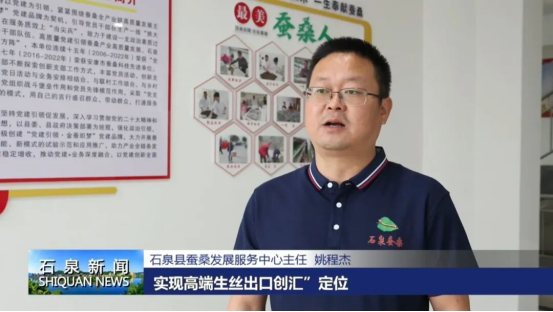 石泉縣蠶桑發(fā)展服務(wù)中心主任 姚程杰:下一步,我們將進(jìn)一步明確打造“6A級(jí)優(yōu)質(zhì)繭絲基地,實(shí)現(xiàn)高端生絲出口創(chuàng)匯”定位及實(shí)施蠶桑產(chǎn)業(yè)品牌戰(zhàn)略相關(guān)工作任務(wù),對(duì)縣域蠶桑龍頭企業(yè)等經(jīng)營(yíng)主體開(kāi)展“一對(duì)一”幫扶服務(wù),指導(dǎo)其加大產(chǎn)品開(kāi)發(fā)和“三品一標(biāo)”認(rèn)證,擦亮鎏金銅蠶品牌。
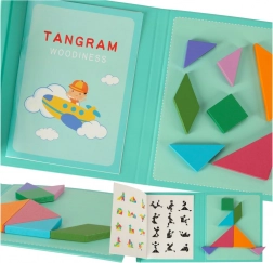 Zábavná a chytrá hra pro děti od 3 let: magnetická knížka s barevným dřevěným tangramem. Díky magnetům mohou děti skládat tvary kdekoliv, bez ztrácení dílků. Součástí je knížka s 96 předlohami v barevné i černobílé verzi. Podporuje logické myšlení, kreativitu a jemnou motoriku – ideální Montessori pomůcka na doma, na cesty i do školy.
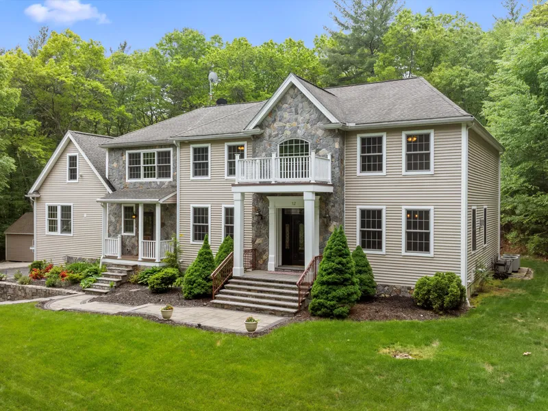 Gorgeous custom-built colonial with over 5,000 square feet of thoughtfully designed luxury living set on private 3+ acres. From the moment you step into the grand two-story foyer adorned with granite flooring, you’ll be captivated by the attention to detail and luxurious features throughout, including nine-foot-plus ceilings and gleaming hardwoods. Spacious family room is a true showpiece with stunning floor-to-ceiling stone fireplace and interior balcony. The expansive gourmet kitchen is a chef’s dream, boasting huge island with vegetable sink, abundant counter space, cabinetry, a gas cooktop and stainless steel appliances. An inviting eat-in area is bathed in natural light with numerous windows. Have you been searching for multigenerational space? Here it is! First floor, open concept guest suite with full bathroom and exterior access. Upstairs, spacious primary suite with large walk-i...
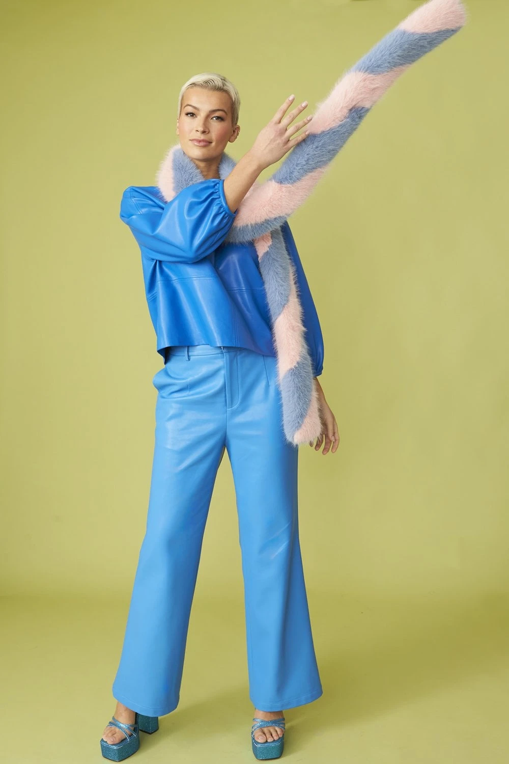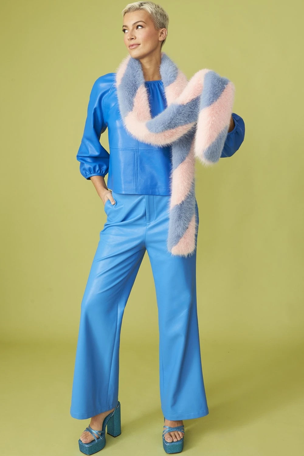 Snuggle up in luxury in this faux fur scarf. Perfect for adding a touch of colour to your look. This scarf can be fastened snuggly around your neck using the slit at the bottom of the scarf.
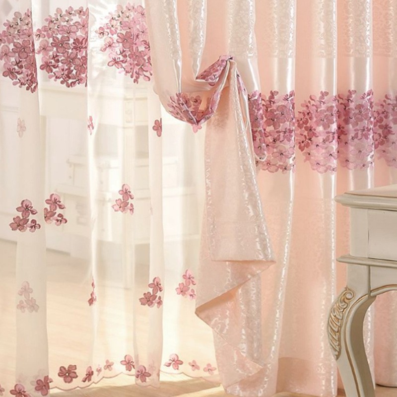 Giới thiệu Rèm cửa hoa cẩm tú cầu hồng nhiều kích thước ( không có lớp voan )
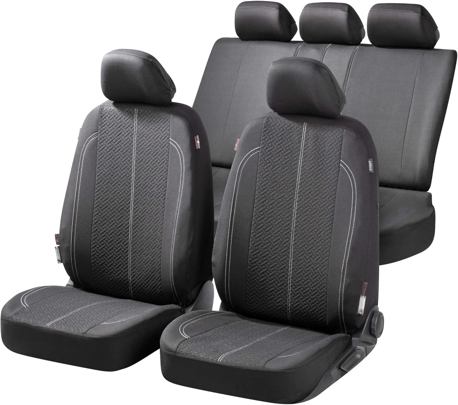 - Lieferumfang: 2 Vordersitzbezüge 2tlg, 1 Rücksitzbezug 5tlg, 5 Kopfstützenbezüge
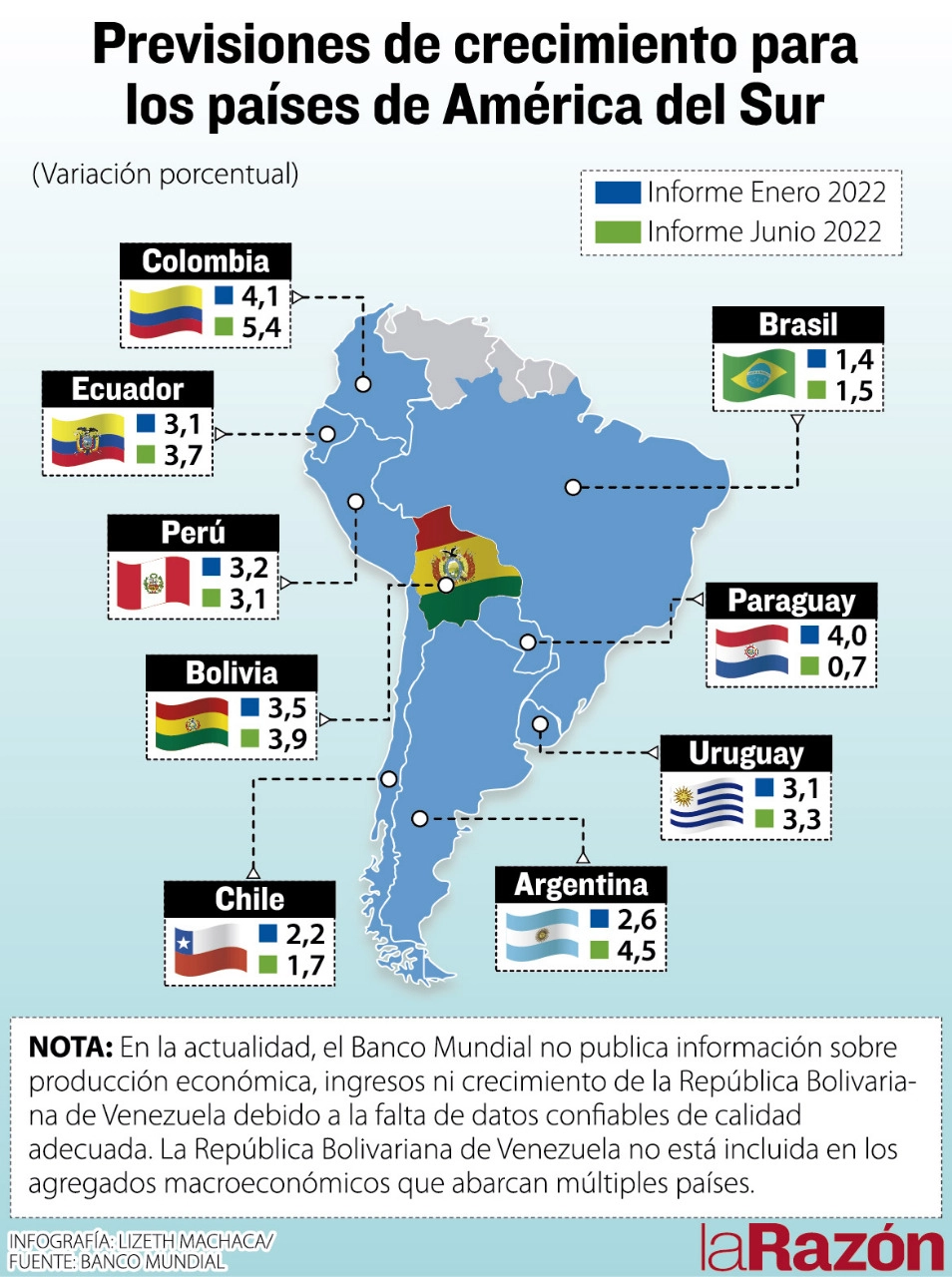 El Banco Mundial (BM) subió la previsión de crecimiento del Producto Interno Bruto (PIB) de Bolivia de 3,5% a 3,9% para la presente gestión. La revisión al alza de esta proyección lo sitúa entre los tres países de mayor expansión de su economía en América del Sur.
* * *
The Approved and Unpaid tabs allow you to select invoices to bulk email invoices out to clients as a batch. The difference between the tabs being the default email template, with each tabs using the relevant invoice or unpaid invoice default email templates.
* * *
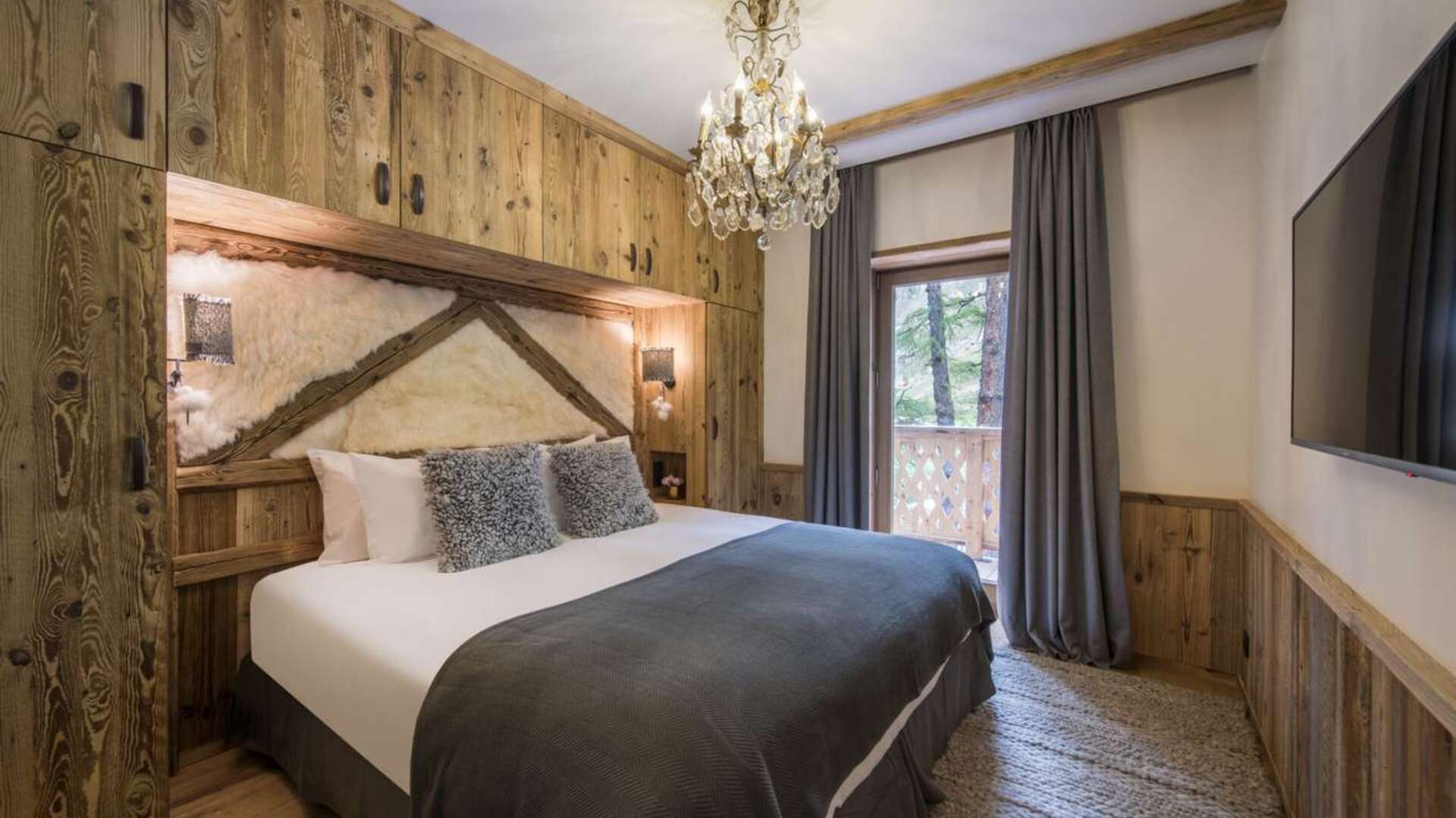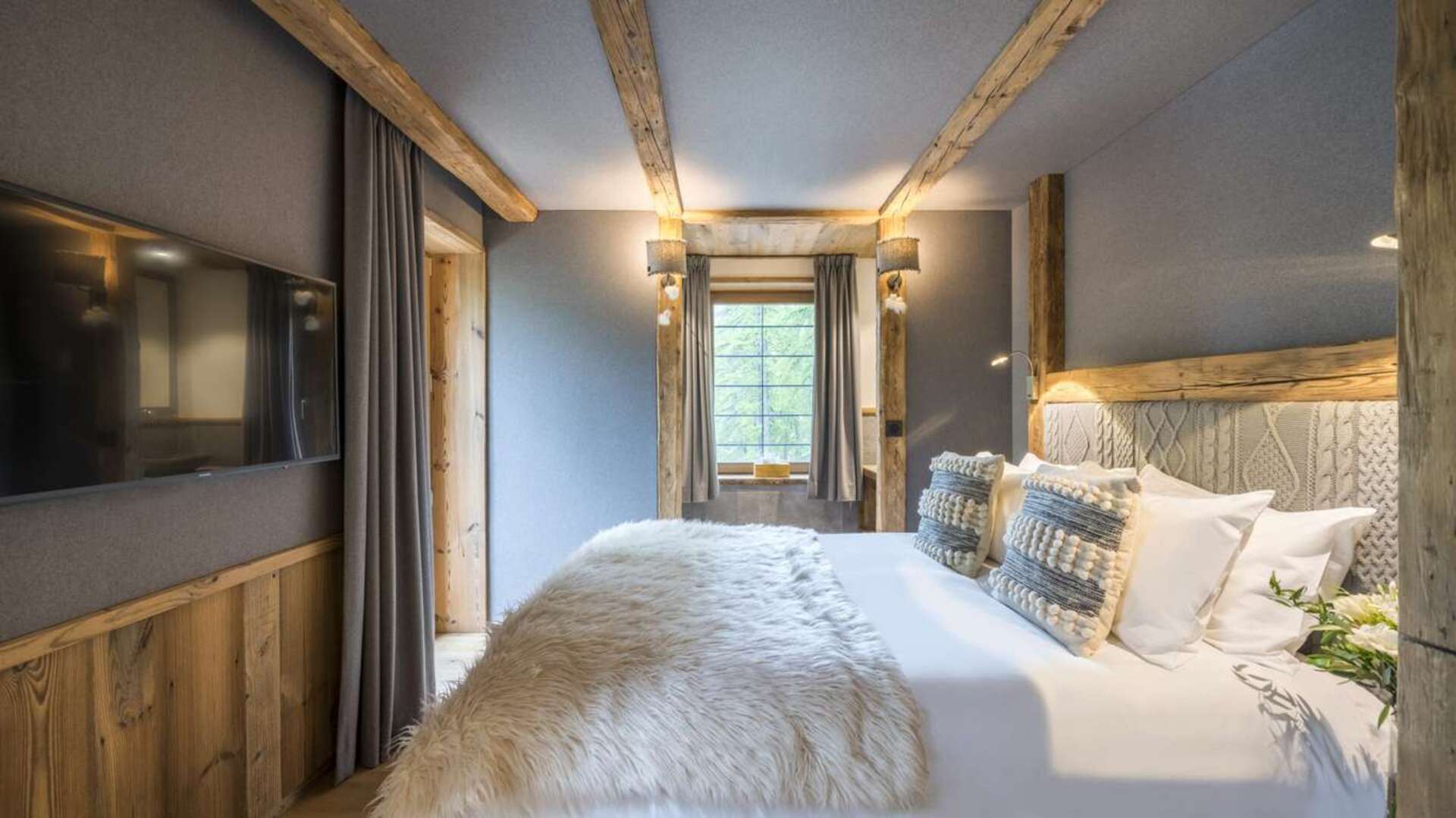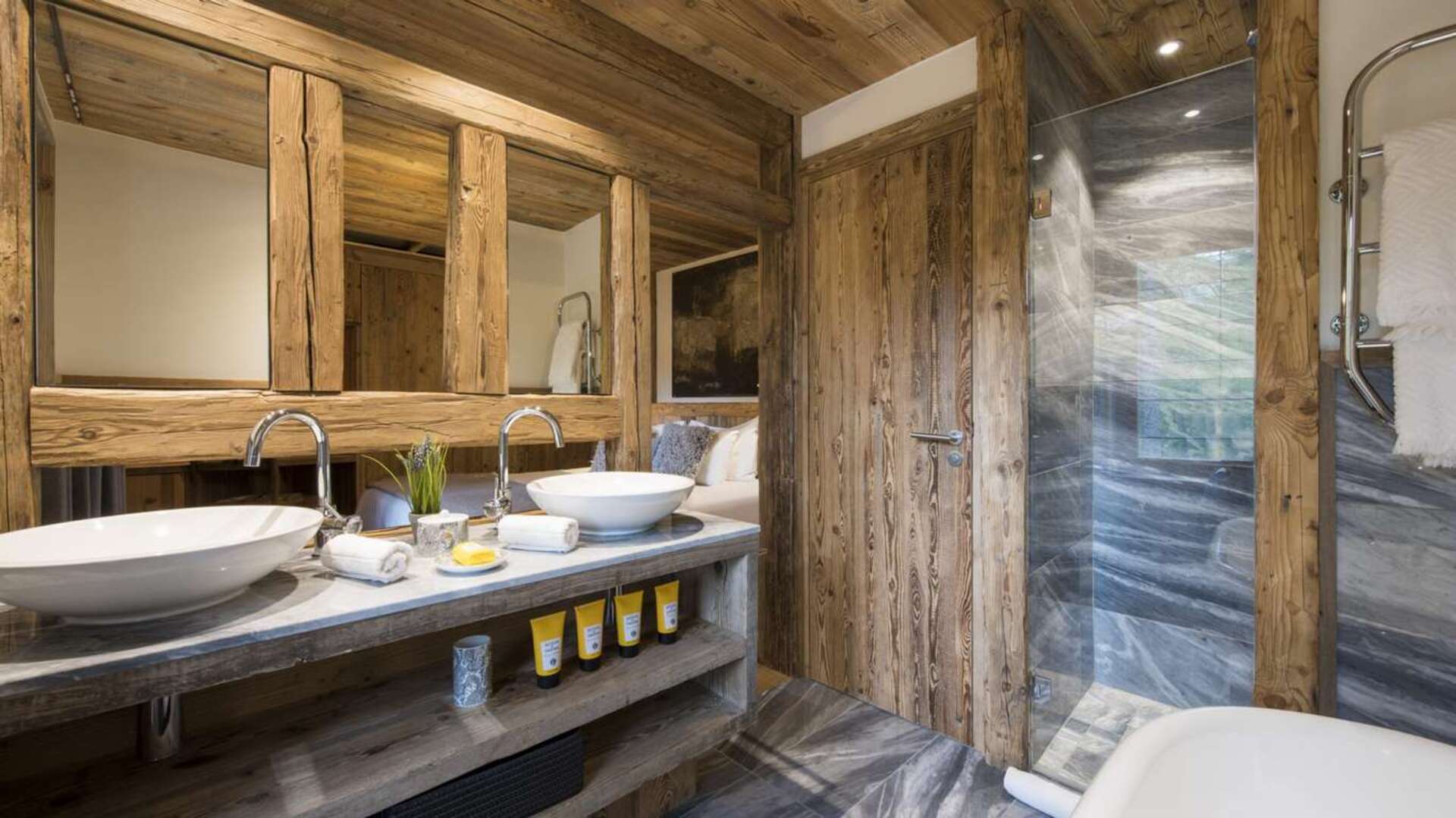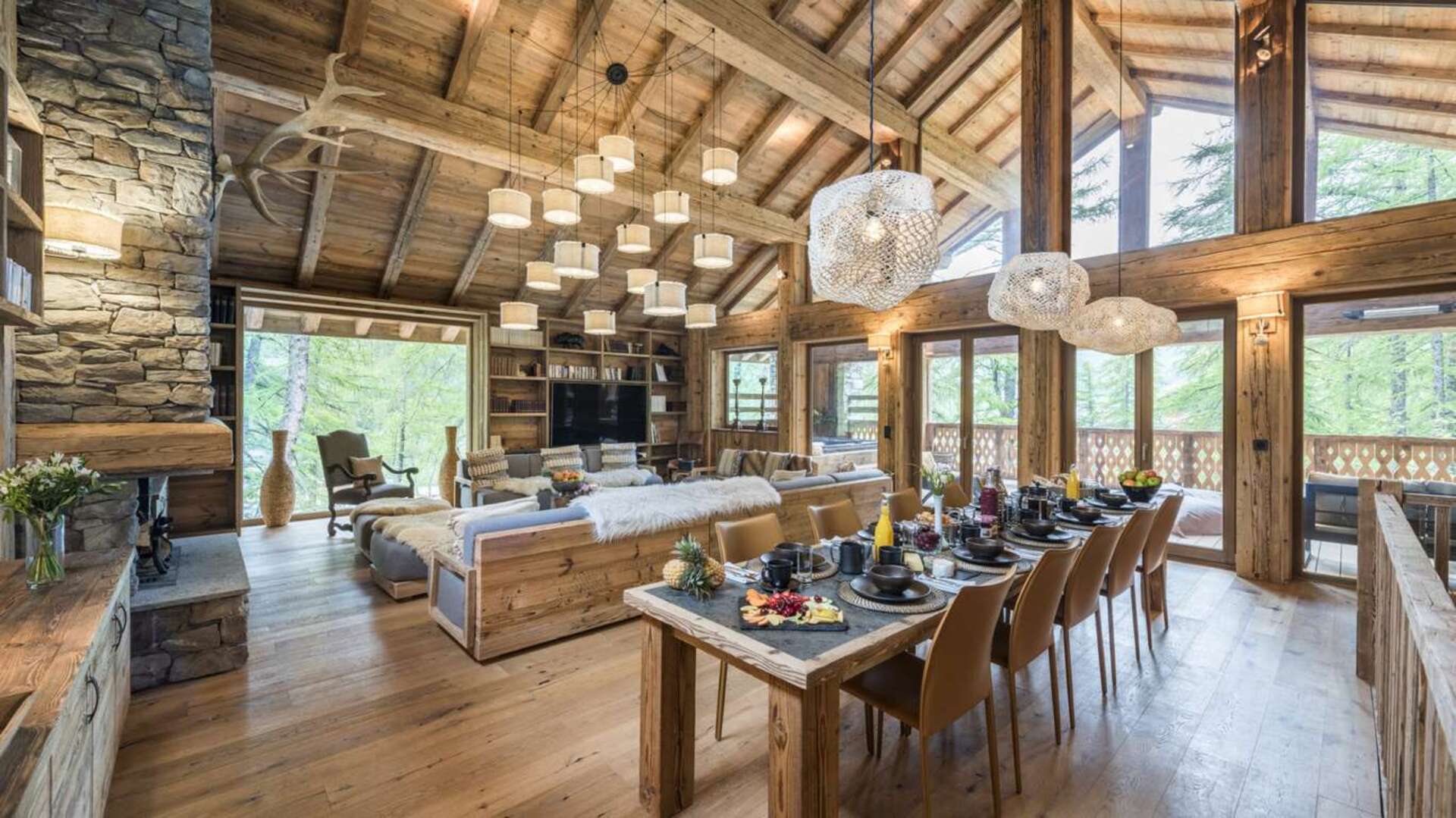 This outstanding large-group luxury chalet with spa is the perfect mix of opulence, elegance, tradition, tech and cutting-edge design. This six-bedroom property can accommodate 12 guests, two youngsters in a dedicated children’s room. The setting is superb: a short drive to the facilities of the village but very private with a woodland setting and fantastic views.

# [Task brief]
Exactly the lines above, from the one containing "石泉縣蠶桑發(fā)展服務(wù)中心主" down to the one containing "Zábavná a chytrá", are to be repeated, including both ends. Pictures are not part of the copy.

# [Solution to the exercise]
 石泉縣蠶桑發(fā)展服務(wù)中心主任 姚程杰:下一步,我們將進(jìn)一步明確打造“6A級(jí)優(yōu)質(zhì)繭絲基地,實(shí)現(xiàn)高端生絲出口創(chuàng)匯”定位及實(shí)施蠶桑產(chǎn)業(yè)品牌戰(zhàn)略相關(guān)工作任務(wù),對(duì)縣域蠶桑龍頭企業(yè)等經(jīng)營(yíng)主體開(kāi)展“一對(duì)一”幫扶服務(wù),指導(dǎo)其加大產(chǎn)品開(kāi)發(fā)和“三品一標(biāo)”認(rèn)證,擦亮鎏金銅蠶品牌。
 Zábavná a chytrá hra pro děti od 3 let: magnetická knížka s barevným dřevěným tangramem. Díky magnetům mohou děti skládat tvary kdekoliv, bez ztrácení dílků. Součástí je knížka s 96 předlohami v barevné i černobílé verzi. Podporuje logické myšlení, kreativitu a jemnou motoriku – ideální Montessori pomůcka na doma, na cesty i do školy.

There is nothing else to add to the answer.